The present invention relates to a thermophotovoltaic converter of the type comprising a concentrating optical system and a chamber formed by a transducer of solar radiation comprising a lens and at least one photovoltaic cell.
It is known that the sun emits energy in the form of electromagnetic radiation, the wavelengths of which lie essentially between 0.2 and 3 .mu.m. However, silicon photovoltaic cells exhibit a high degree of efficiency substantially in the spectral range between 0.6 and 1 .mu.m, with a maximum in the region of 0.85 .mu.m, outside which these cells become hot and are subject to a rapid loss of efficiency.
The converters in common use are of the filter type or of the type based on a thermal principle, using in both cases an optical focusing unit.
The converters of the type with filters essentially comprise at least one filter which selects and conveys the solar radiation, the wavelengths of which lie substantially within a range of between 0.6 and 1 .mu.m, to a silicon photovoltaic cell.
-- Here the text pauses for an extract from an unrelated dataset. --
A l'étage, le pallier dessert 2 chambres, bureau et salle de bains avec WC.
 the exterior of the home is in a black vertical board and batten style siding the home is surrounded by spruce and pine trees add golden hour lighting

The rejected radiation, which is not conveyed by said filter, is often used to strike a photovoltaic cell sensitive thereto, for example of germanium type, directly or via a subsequent filter which, in this case, selects the radiation of a wavelength lying in the region of 1.6 .mu.m.
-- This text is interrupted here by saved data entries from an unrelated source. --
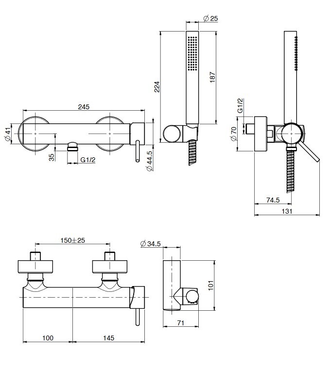 Carlo Frattini Spillo Up Bateria natryskowa ścienna Chrom F3035CR
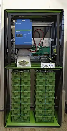 Faradion Limited is a subsidiary of India's Reliance Industries.[69] Its cell design uses oxide cathodes with hard carbon anode and a liquid electrolyte. Their pouch cells have energy densities comparable to commercial Li-ion batteries (160 Wh/kg at cell-level) with good rate performance till 3C and cycle lives of 300 (100% depth of discharge) to over 1,000 cycles (80% depth of discharge). Its battery packs have demonstrated use for e-bike and e-scooter applications.[34] They demonstrated transporting sodium-ion cells in the shorted state (at 0 V), eliminating risks from commercial transport of such cells.[70] It is partnering with AMTE Power plc[71] (formerly known as AGM Batteries Limited).[72][73][74][75]
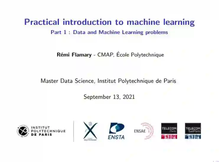 标准机器学习方法简介。允许您找到适合您的应用程序的问题/方法。为更深入的学习提供必要的词汇和工具。促进ML的良好实践、解释和重现性。
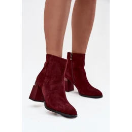 Botki Damskie Z Naturalnego Zamszu Na Słupku Ocieplane D&A CR52-718 Bordowe
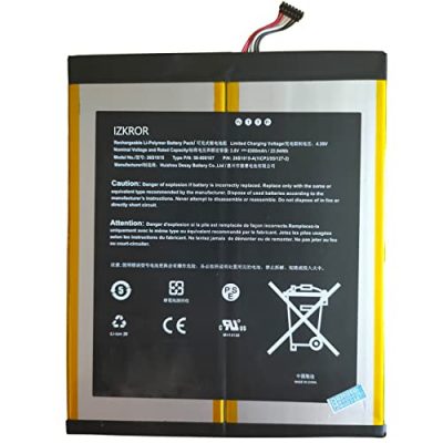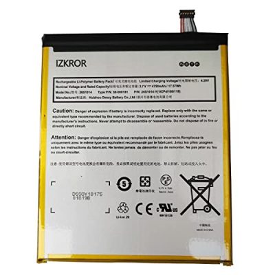 The IZKROR 26S1015 23.94Wh 6300mAh Battery Replacement is designed for the Fire HD 10.1 7th Gen V2 SL056ZE 2017 series. It comes with a wire harness length of 0.98 inch and has a voltage of 3.8V. The battery is brand new and has a capacity of 23.94Wh 6300mAh. It is compatible with the 58-000187 battery type, but not suitable for the 58-000280 battery type. The battery is certified by CE, UL, FCC, and RoHS for safety and stability. It has over 500 recharge cycles and comes with built-in circuit protection. Before purchasing, make sure to open the back cover of your laptop and confirm that the original battery type matches the picture. The IZKROR battery replacement provides a cost-effective solution for extending the battery life of your Fire HD 10.1 tablet.
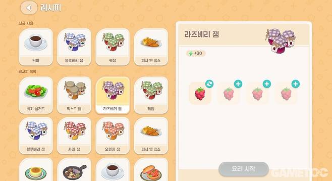 가령 블루베리 4개를 그냥 판매하면 64골드지만 블루베리 4개로 블루베리 잼을 만들면 170골드를 받는다. 토마토 2개로 만드는 베지 샐러드도 동일하다. 게다가 그냥 과일을 주워 먹는 것보다 스태미나도 더 많이 회복할 수 있다. 골드를 버는 용도라면 마시모에게 커피 원두를 사서 만드는 커피가 꽤 쏠쏠하다.
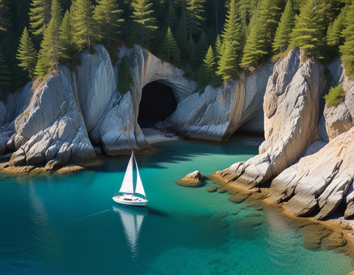 A sailboat glides over clear turquoise waters in a peaceful cove surrounded by tall trees and rocky cliffs, capturing the serene beauty of nature.
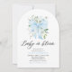 Fira pojke med den här charmerande bågformade inbjudan! Det är perfekt för en sofistikerad och snyggt babydusch. Det är en fin blå blommigt, en söt bog och en modern elegant. 🌸 🍼 💙 Ange tonen för ett vackert firande med detta tidslingslösa och förtjusande inbjudan! ✨ 🎀
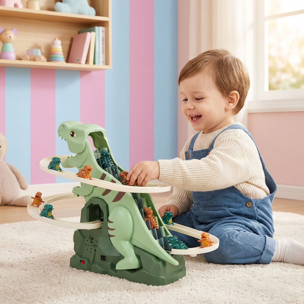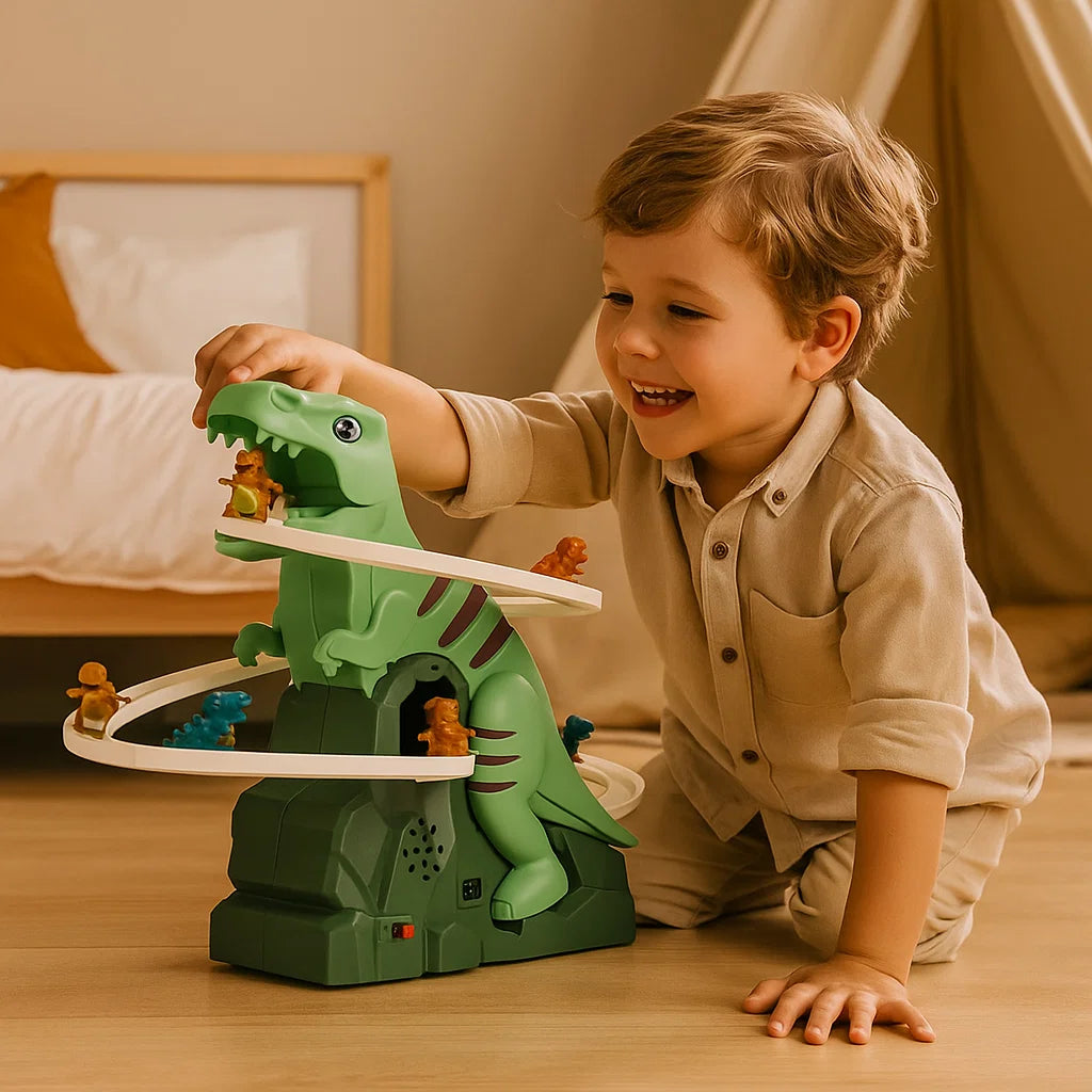 Mit der Dino Rutsche Achterbahn verwandelt sich jedes Kinderzimmer oder der Garten in einen aufregenden Erlebnispark. Kinder lieben es, mit Schwung die Bahn hinunterzurutschen und dabei immer wieder neue Abenteuer zu erleben. Das farbenfrohe Dino-Design begeistert die Kleinen sofort und fördert spielerisch Bewegung, Freude und Fantasie.

The converters of the second type mentioned, based on a thermal principle, essentially comprise a radiator which, when exposed to solar radiation, becomes red hot and emits radiation towards the photovoltaic cell, preferably with an emission peak matched to that of maximum sensitivity exhibited by the photovoltaic cell itself.
The above-mentioned converters have a number of disadvantages. In particular, for filter-type converters, heating of the cells occurs caused by background noise, i.e. by radiation not properly discriminated by the filters. Furthermore, there is unsatisfactory utilization of the band portion of electromagnetic radiation emitted by the sun and lying between 1.7 .mu.m and .infin., and in the case where it is desired to utilize also the radiation within this band, it is necessary to provide further filters and corresponding specifically designed photovoltaic cells, with a consequent increased cost of production which, however, is not based on a corresponding increase in the efficiency of the converter.
The converters of the second type also undergo heating caused by background noise and damaging to the radiator itself. Moreover, the peak emission of the radiator is relatively low and narrow in relation to the total spectrum of solar electromagnetric radiation, in which case the associated photovoltaic cell converts a reduced percentage of the solar energy arriving at aforesaid radiator.